These systems have arisen with little reference to each other, nor a comprehensive view of the overall extension ecosystem or a systematic approach to their roles in that system. Each neatly addresses the problems it set out to solve, with some overlap in functionality and similar if incompatible approaches to metadata management in particular.

Challenges

With this disaggregated and uncoordinated diversity of good-faith efforts, the Postgres extension ecosystem remains under-served and suffers from a number of challenges to long-term success. These include:

  • Extensions are difficult to find and discover. There is no one, comprehensive, canonical home to find and learn about all publicly-available extensions.
  • Extensions remain under-documented and hard to understand. With few exceptions, most ship with a brief if will-intentioned README and no reference documentation or tutorials.
  • Extensions are challenging to configure and install. The vast majority use PGXS, make, configure, or pgrx, all of which require a build tools like a compiler. Most users don't otherwise need or want a compiler, just a simple command to install the binaries they need. Alas, binary registries provide quite small subsets of the universe of extensions on a limited number of platforms.
  • The maturity of extension projects can be tough to gauge. Without a central repository with consistent, comparable stats, docs, and metadata, interested users must seek out the source for an extension (hard to find again!) and examine heuristics such as repository stars, commit history, and documentation quality, all of which can diverge wildly between competing projects.
  • Developer tooling is generally arcane, difficult to learn, and under-documented. There is no one resource to help budding extension developers to learn the craft, automate their processes, and contribute to the broader community.

Future Architecture

Diagram of the extension distribution ecosystem vision, featuring “Root Registry” in the center and bidirectional lines to four of the surrounding nodes: “Web UX”, “Client”, “Packaging”, and “Interactions”. The “Packaging” and “Interactions” boxes also have a bi-directional arrow between them, while the fifth box, “Stats & Reports”, has a bi--directional arrow pointing to “Interactions” and another arrow pointing to “Root Registry”.
Figure 2: Future Architecture

High-level diagram of the six logical services making up the proposed future extension distribution architecture. The Root Registry sits at the center, providing APIs for the other services to consume for their own use cases. Trusted instances of those services submit additional data about extensions via the Interactions service to enhance and enrich the service to better inform and delight users.
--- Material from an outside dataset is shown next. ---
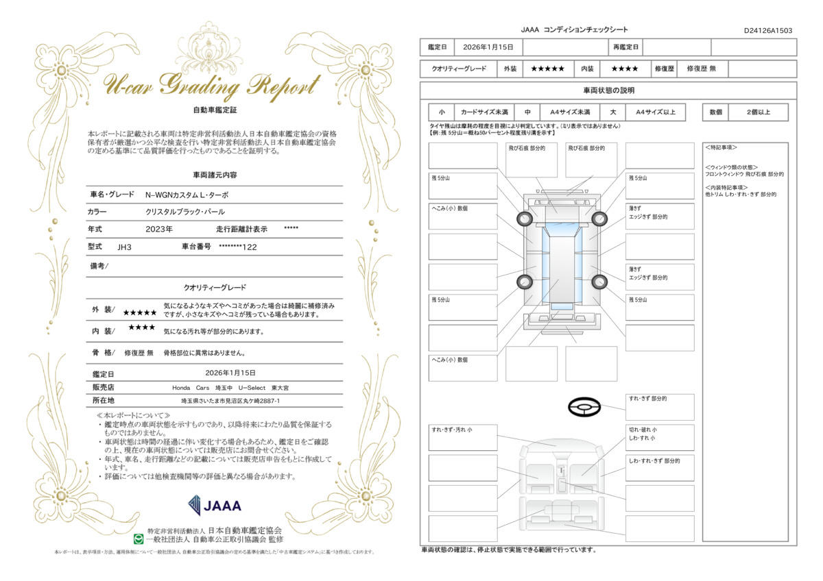 第三者機関が車の状態を厳しくチェックしております!ご不明な点がございましたあら何でもご相談下さい!

To address many of these challenges, over the next year this project will establish a distributed architecture of interacting services, clients, and tools to power the growth and accessability of the extension ecosystem of the future.

This architecture consists of six core systems, each a unit of well-defined capabilities that it "owns." These logical models define guidelines for how they interact, not necessarily physical entities or network diagrams. This document describes each below, defining the context in which it interoperates with other systems as well as the components expected to constitute the service.

Root Registry

The foundational services make up the Root Registry, which aims to be the comprehensive system of record for publicly-available extensions. Developers will publish extension source code to the registry and manage ownership and permissions via its API (using the CLI) or the Web UX.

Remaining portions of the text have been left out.